VPN apps are supposed to help remote workers securely log onto their company’s servers, but critical vulnerabilities in apps made by at least four companies could be leaving the digital door wide open for hackers to steal corporate secrets.
The nonprofit CERT Coordination Center—which acts as the Internet’s emergency response team—and the Department of Homeland Security’s Cybersecurity and Infrastructure Security Agency issued an alert for enterprise VPN apps made by Cisco, Palo Alto Networks, Pulse Secure, and F5 Networks on Friday. The bulletin also warned that more testing will be required to determine if hundreds of other VPN apps are at risk.
These aren’t your run-of-the-mill VPN apps used by citizens to mask their private Internet surfing traffic. The services in question are enterprise solutions that are frequently deployed by corporate IT departments for people who need to work remotely, but also want access to their company’s private data, such as email and internal tools.
The apps appear to be incorrectly storing cookies on a person’s computer, according to the CERT bulletin. While the cookies are designed to help people bypass having to enter their password at every new login screen, they could be dangerous if the wrong person gains access.
A potential worst case scenario could be if a skilled hacker gained access to a person’s private computer through malware—they could then use the improperly stored cookies to log in to the enterprise VPNs, bypassing usual checkpoints where they might otherwise have to enter a password.
Palo Alto Networks has issued a patch for its GlobalProtect app, for both its Windows and Mac users, however the other companies named in the bulletin have not yet issued public responses. Hundreds of other apps could also be affected—but more testing will be required. A “generic configuration” may be the reason why the problem is being spread across companies, according to the bulletin.
Just two enterprise VPN vendors—Check Point Software Technologies and pfSense—were given an all clear in the CERT bulletin.

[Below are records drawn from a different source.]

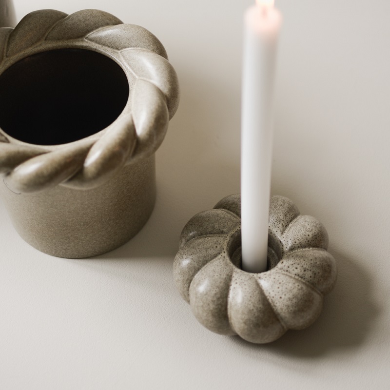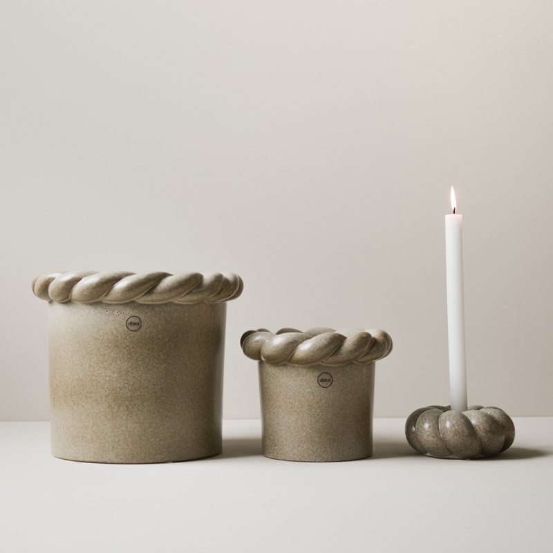 Twine en ljusstake med vriden kant. Den kan användas med både värmeljus och kronljus.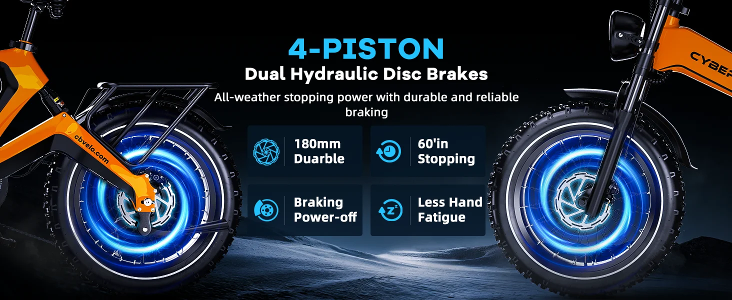 Dual Suspension & Hydraulic Disc Brakes: Electric bike for adults experience ultimate comfort and safety with advanced front and rear dual suspension, designed to absorb shocks from bumpy roads and rough trails. The hydraulic disc brakes deliver powerful and responsive stopping with minimal effort, ensuring precise braking control in all conditions. Ideal for high-performance e-bikes, electric mountain biking, off-road riding.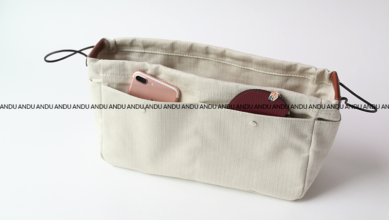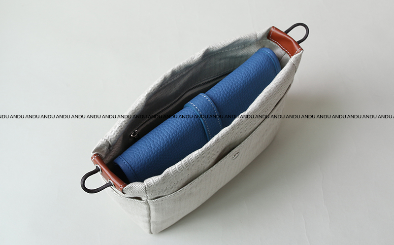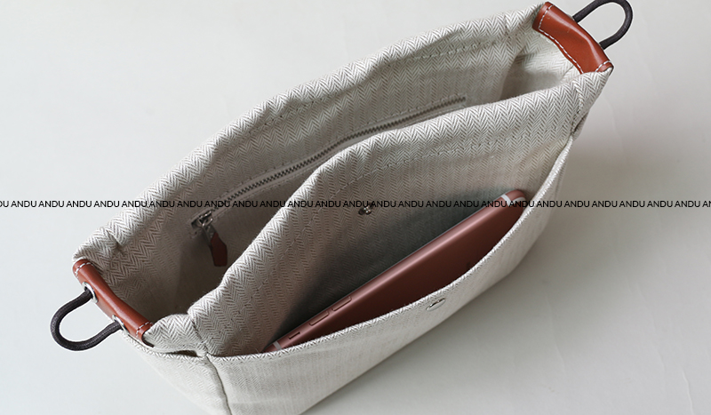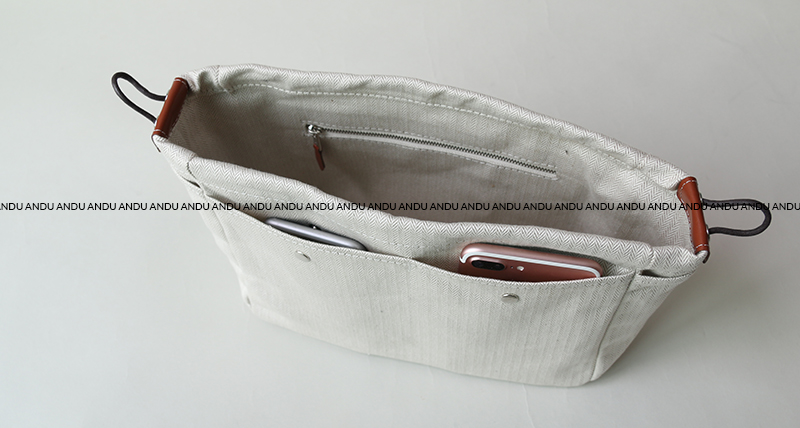 White pouch, pico tan herringbone inner bag, inner bag

While it’s important to regularly check for security updates and patches, using two-factor authentication (2FA) as an extra layer of security can help companies ensure there’s no unauthorized access to their accounts, says Kathy Wang, director of security at Gitlab, an open source software development site. “A VPN is one means to an end, but not the only means,” she says.
Setting up 2FA can be as simple as adding an email address or phone number to an account. When you try to log in, the site would then send a unique, one-time code for users to enter, proving their identity.